Artist Terence Gower and curator/writer Ana Elena Mallet discussed Museo Tamayo’s Museum as Hub presentation “Tlatelolco and the localized negotiation of future imaginaries.” Tlatelolco has been a significant cultural site since the Aztec period, closely identified in the twentieth century with modernist urban planning ambitions in Mexico and student demonstrations and killings at the time of the Olympics in 1968. A site rich in the complex layering of constructed histories that define contemporary Mexico, and a current active context for cultural production, Tlatelolco inspires consideration of the construction of future possibilities for Mexico as it looks to define its place within an increasingly globalized world.
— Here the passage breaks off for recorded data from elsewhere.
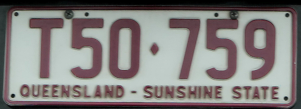 Queensland taxicab plate registered to a Toyota Prius.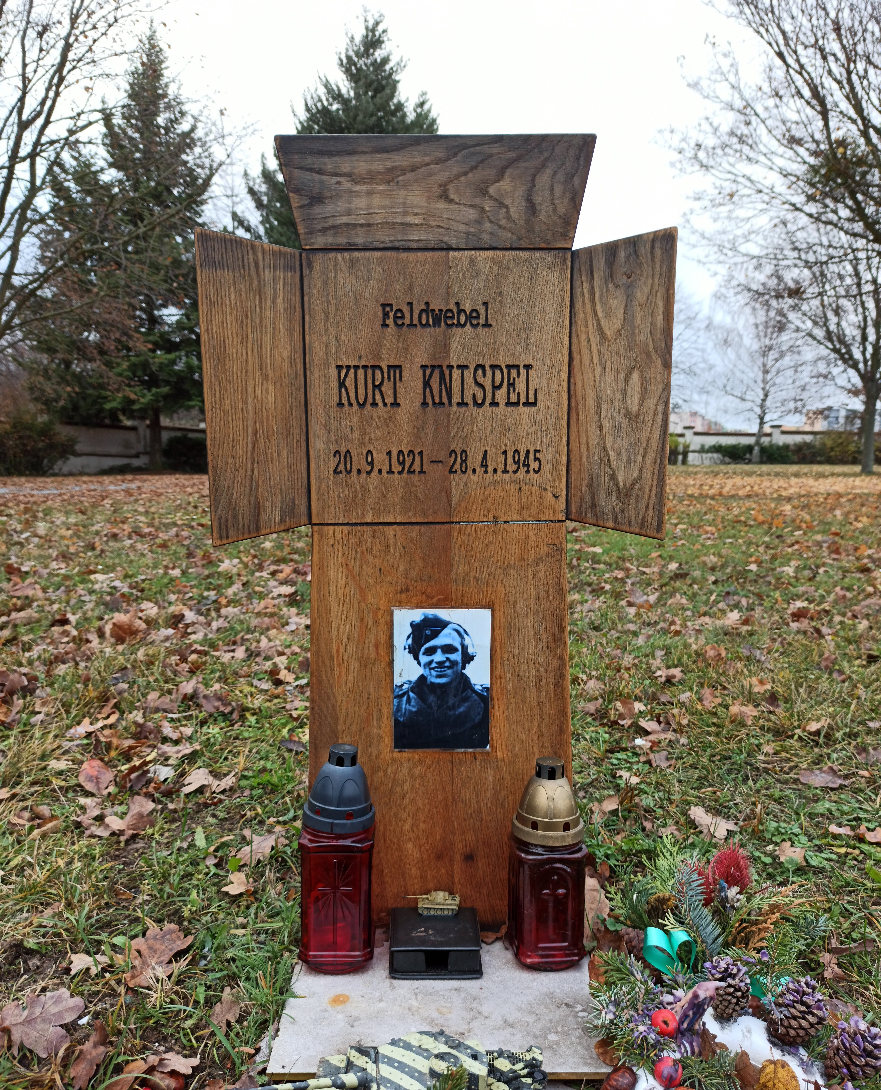 Grave of feldwebel Kurt Knispel in Brno's Central graveyard.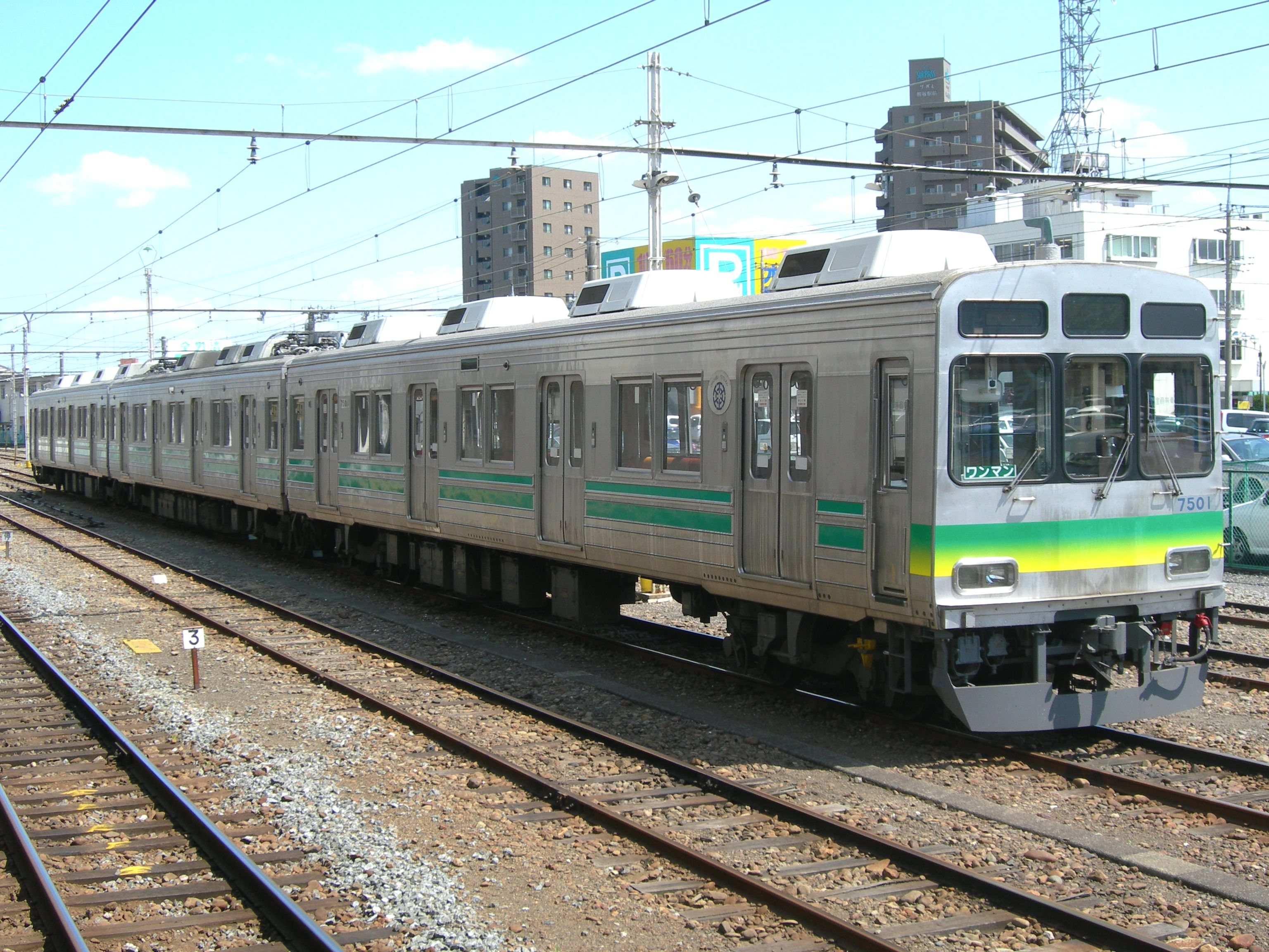 Chichibu Railway 7500 series EMU at Kumagaya Station

Terence Gower works primarily with strategies of representation in modernist architecture, with a special focus on Mexican modernism. He has exhibited his installations and videos in museums, galleries, and public sites in Europe, Latin America, the U.S., and Canada. A monograph on his work, Ciudad Moderna, was recently published by A&R/Editorial Turner, Mexico City. Gower lives and works in New York and Mexico City.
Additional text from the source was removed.